Ask anyone who farms the Palouse and they'll tell you the same thing: this is not flat country. The hills roll steep and long, the draws are tight, and a wet spring can keep a ground rig parked when the crop needs spraying most. That's the country aerial application was built for.

The trouble with a ground rig on steep ground

A ground rig does fine work on gentle fields. On the Palouse it runs into three problems fast:

  • Wheel tracks. Every pass rolls down standing crop and packs the soil. On a big field that adds up to real yield left on the ground.
  • Soft ground. When the field is wet, a heavy rig either can't get in or leaves ruts you'll feel at harvest.
  • Slope. The steepest hillsides are slow going, and some are flat-out unsafe to drive with a full tank.

An airplane treats the whole field at the same growth stage, in a fraction of the time, and never touches the dirt.

Where an airplane pulls ahead

Speed is the obvious one. When stripe rust is moving or a spray window is only going to stay open a morning, an airplane covers hundreds of acres while a ground rig is still filling up. But the quieter advantage is timing: we can fly the day the crop needs it, wet ground or not, and hit every acre at the same stage.

There's also the crop you keep. No wheel tracks means no rolled-down wheat and no compacted strips. On a good stand, that saved yield can cover a fair share of the application cost by itself.

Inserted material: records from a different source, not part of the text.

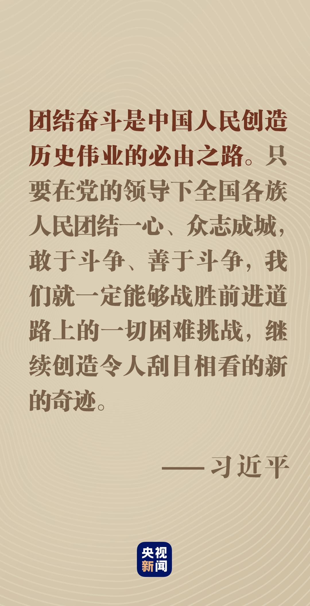 無論風(fēng)云如何變幻,無論挑戰(zhàn)如何嚴(yán)峻,只要我們精誠(chéng)團(tuán)結(jié)、共同奮斗,就沒有任何力量能夠阻擋中國(guó)人民前進(jìn)的步伐。
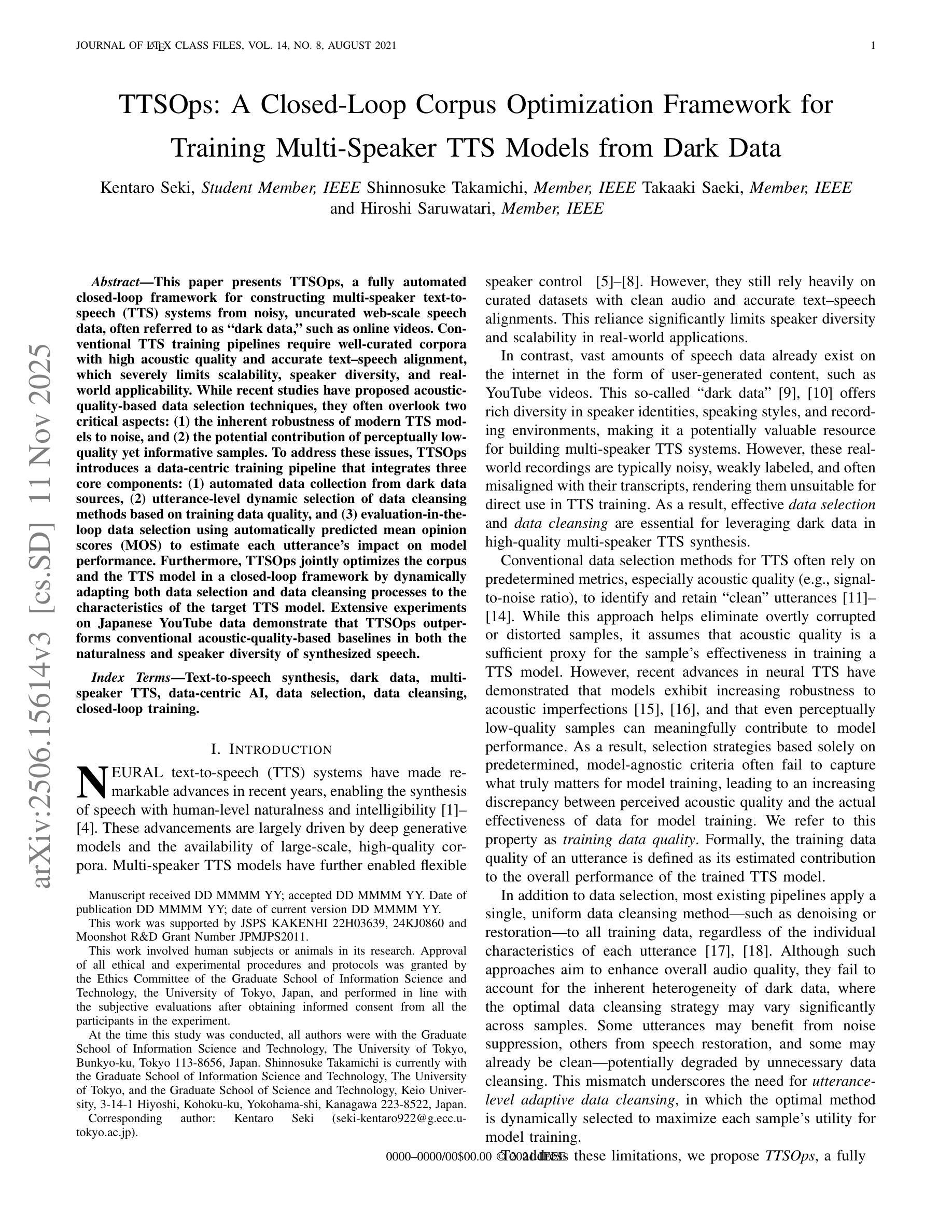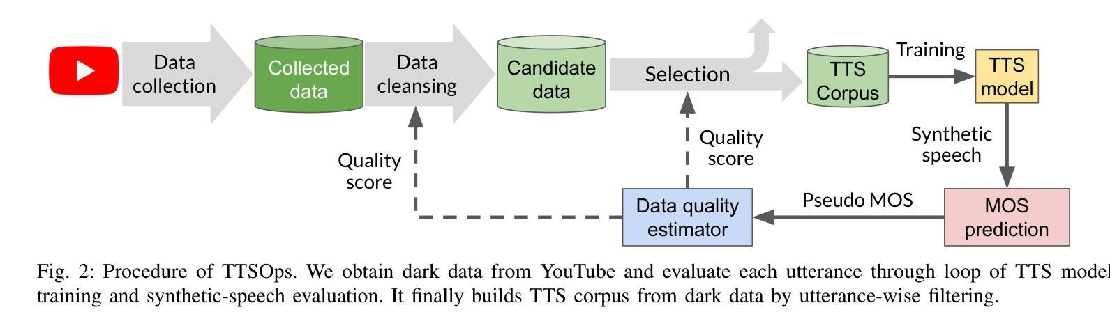 本文介绍了TTSOps,这是一个全自动的闭环框架,用于从嘈杂的、未整理的网页规模语音数据中构建多说话者文本到语音(TTS)系统。与传统TTS训练管道需要大量高质量和精确文本-语音对齐的语料库不同,TTSOps解决了可扩展性、说话者多样性和现实世界应用性的限制。它引入了一个以数据为中心的训练管道,包括自动化数据收集、基于训练数据质量的语句级别动态选择数据清洗方法,以及使用自动预测的平均意见分数(MOS)进行闭环数据选择。TTSOps在目标TTS模型的特性上动态适应数据选择和清洗过程,对日语YouTube数据的实验表明,TTSOps在自然度和说话者多样性方面优于基于声学质量的传统基线。
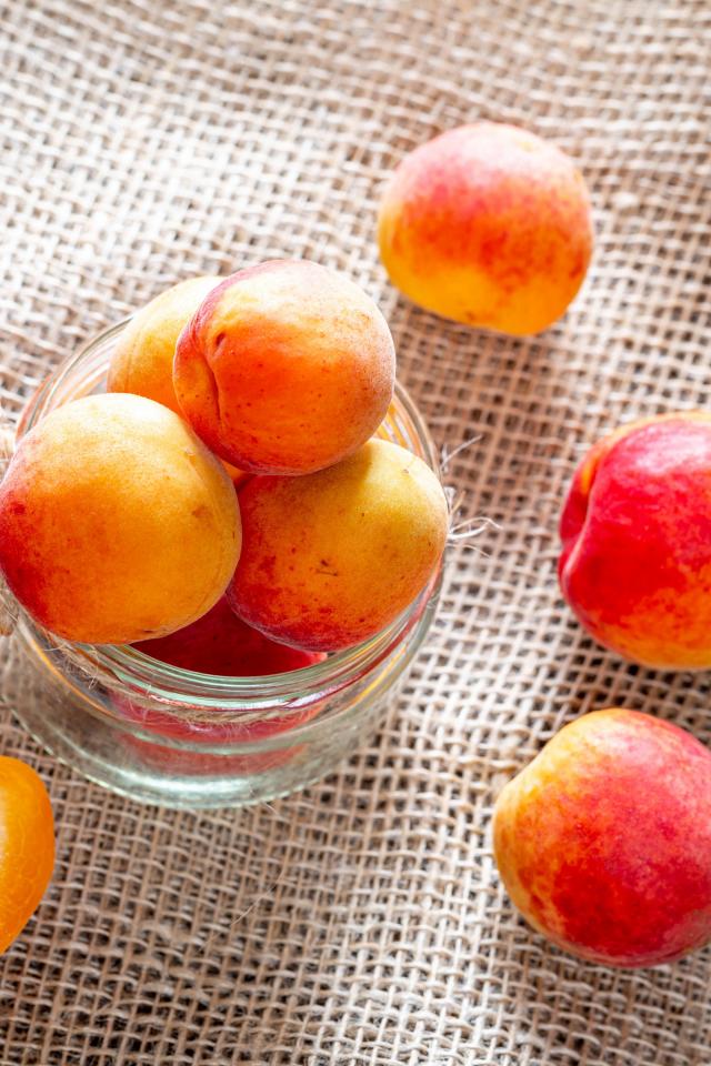 Wallpaper Ripe apricots in a glass jar on the table

When a ground rig still makes sense

We'll tell you straight: a ground rig has its place. Very small fields, jobs that need soil incorporation, and situations where an inversion or a sensitive neighbor makes an aerial pass the wrong call. The right tool depends on the field and the day, and we're happy to talk it through.

The short version

On steep, rolling Palouse ground, in a tight window, an airplane usually wins on timing, coverage and crop saved. That's most of what we fly, most of the year.